Stournaras later withdrew the amendment, and the tempestuous debate resumed after Parliament employees returned to work.
The austerity package is expected to scrape through when the vote is held later in the night. But any defections or abstentions could severely weaken the conservative-led coalition formed in June.
"This bill not only demonstrates that this country will honor its international commitments in return for the major amounts of assistance it has received, it is a commitment to proceed with major structural reforms," Stournaras said.
The government combined has 176 of Parliament's 300 seats, and needs a simple majority of those present to pass the bill. Without the Democratic Left, which has said it will vote against, Samaras' conservatives and the Socialists control 160 votes. However, there is still a threat of more dissenters.
Greece's next bailout loan installment of 31.5 billion euros, out of a total of 240 billion euros, is already five months overdue. Without it, Prime Minister Antonis Samaras says, Greece will run out of money on Nov. 16.

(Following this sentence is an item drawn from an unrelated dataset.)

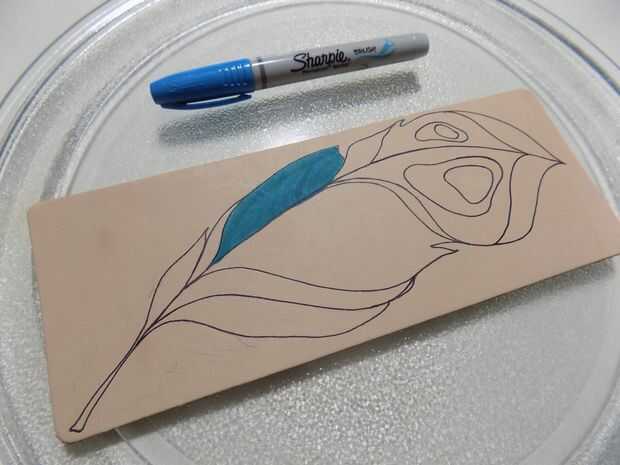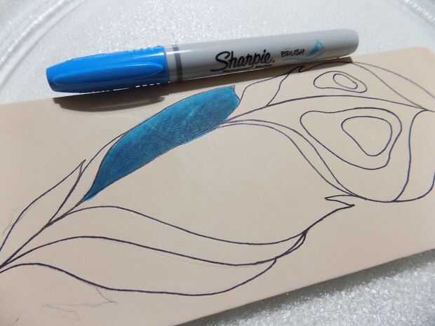 Traza el diseño con marcador permanente y cualquier área que no desea sangrado del color. Opté por comenzar en el medio, por lo que yo pude mezclar el color intermedio en los colores en cada extremo. El marcador no se sangra cuando el alcohol se agrega, pero será más difícil de utilizar una vez que usted ha rociado hacia abajo porque la punta se absorber el alcohol.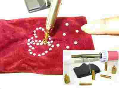 Doskonałe narzędzie do zdobień wszelkich wyrobó z tkaniny.Wygodny ergonomiczny uchwyt, podstawka do oparcia aplikatora w trakcie pracy.

If Athens cannot raise sufficient funds otherwise, it will quickly find it impossible to pay its huge debts. As well as pushing the country out of the 17-country group that uses the euro, this could trigger a nightmare of bank runs, hyperinflation and currency depreciation that would vaporize savings and put many basic goods out of the reach of many Greeks.
"We must vote in favor of the measures," conservative New Democracy lawmaker Constantinos Tassoulas urged Parliament. "It is our duty."
The measures being debated are for for 2013-14 and include new deep pension cuts and tax hikes, a two-year increase in the retirement age to 67, and laws that will make it easier to fire and transfer civil servants who are currently guaranteed jobs for life. The country is suffering a deep recession set to enter a sixth year, and record high unemployment of 25 percent.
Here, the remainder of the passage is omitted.